Problem: Exact reproduction, images excluded: write out the records below.

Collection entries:
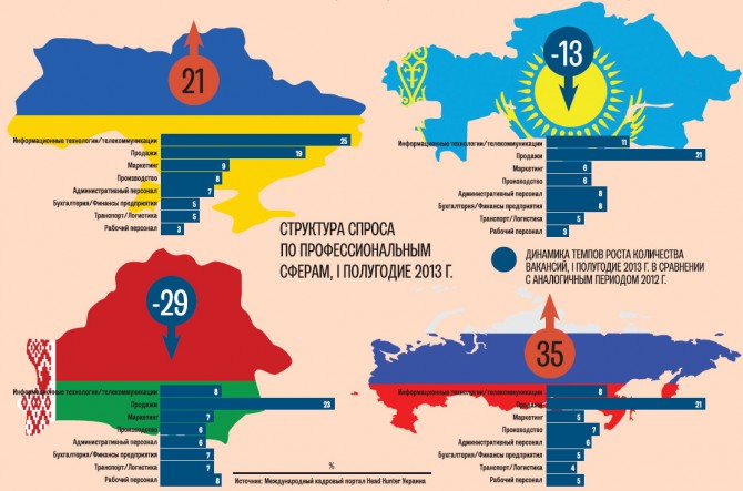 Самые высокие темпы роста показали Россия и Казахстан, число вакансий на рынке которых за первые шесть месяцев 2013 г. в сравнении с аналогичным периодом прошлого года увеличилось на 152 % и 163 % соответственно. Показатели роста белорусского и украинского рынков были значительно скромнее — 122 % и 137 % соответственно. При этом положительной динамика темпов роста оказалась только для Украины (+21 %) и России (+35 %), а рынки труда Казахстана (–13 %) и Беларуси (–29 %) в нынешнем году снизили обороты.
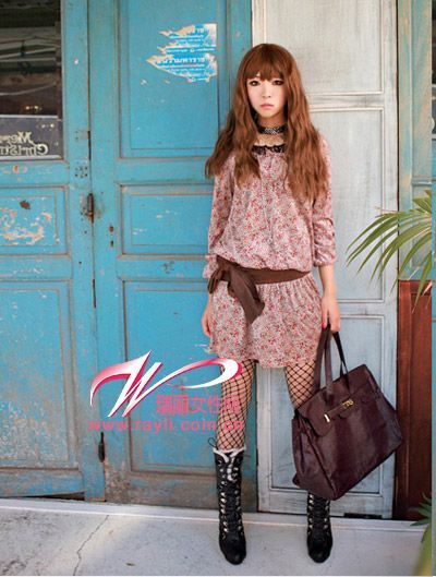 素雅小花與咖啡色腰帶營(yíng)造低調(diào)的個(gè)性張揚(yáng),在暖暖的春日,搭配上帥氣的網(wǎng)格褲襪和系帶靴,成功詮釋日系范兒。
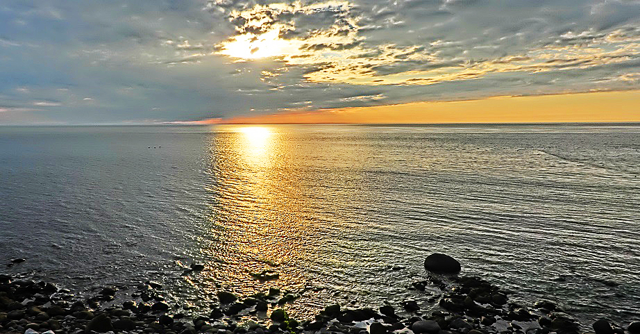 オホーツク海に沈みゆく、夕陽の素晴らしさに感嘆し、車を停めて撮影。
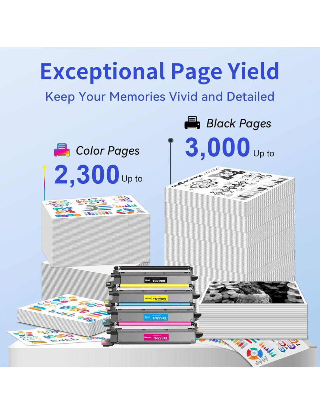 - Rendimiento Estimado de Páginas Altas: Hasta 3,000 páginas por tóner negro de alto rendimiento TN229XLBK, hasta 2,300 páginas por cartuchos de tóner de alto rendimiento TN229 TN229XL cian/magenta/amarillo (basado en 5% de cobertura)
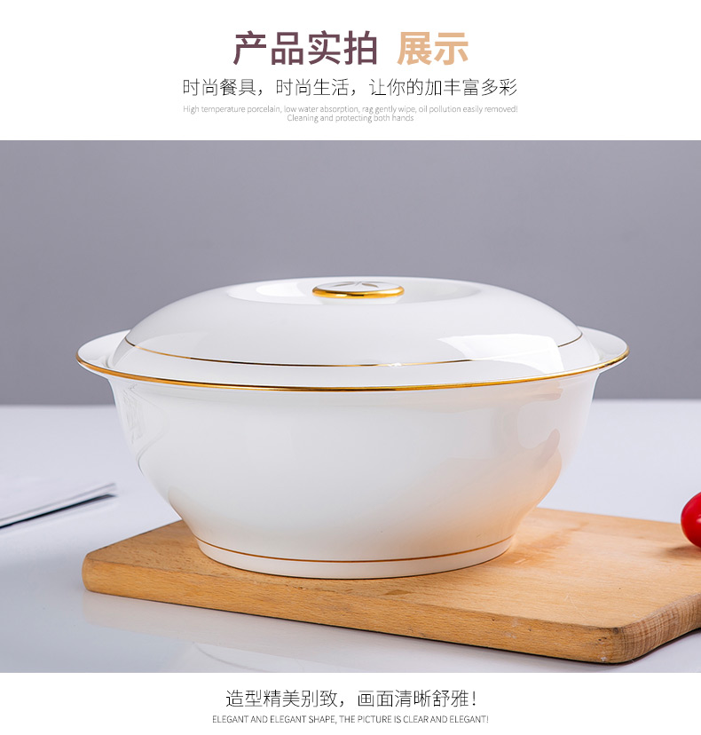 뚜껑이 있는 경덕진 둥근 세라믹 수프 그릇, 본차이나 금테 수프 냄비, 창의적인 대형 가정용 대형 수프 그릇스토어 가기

Solution for this exercise:
 Самые высокие темпы роста показали Россия и Казахстан, число вакансий на рынке которых за первые шесть месяцев 2013 г. в сравнении с аналогичным периодом прошлого года увеличилось на 152 % и 163 % соответственно. Показатели роста белорусского и украинского рынков были значительно скромнее — 122 % и 137 % соответственно. При этом положительной динамика темпов роста оказалась только для Украины (+21 %) и России (+35 %), а рынки труда Казахстана (–13 %) и Беларуси (–29 %) в нынешнем году снизили обороты.
 素雅小花與咖啡色腰帶營(yíng)造低調(diào)的個(gè)性張揚(yáng),在暖暖的春日,搭配上帥氣的網(wǎng)格褲襪和系帶靴,成功詮釋日系范兒。
 オホーツク海に沈みゆく、夕陽の素晴らしさに感嘆し、車を停めて撮影。
 - Rendimiento Estimado de Páginas Altas: Hasta 3,000 páginas por tóner negro de alto rendimiento TN229XLBK, hasta 2,300 páginas por cartuchos de tóner de alto rendimiento TN229 TN229XL cian/magenta/amarillo (basado en 5% de cobertura)
 뚜껑이 있는 경덕진 둥근 세라믹 수프 그릇, 본차이나 금테 수프 냄비, 창의적인 대형 가정용 대형 수프 그릇스토어 가기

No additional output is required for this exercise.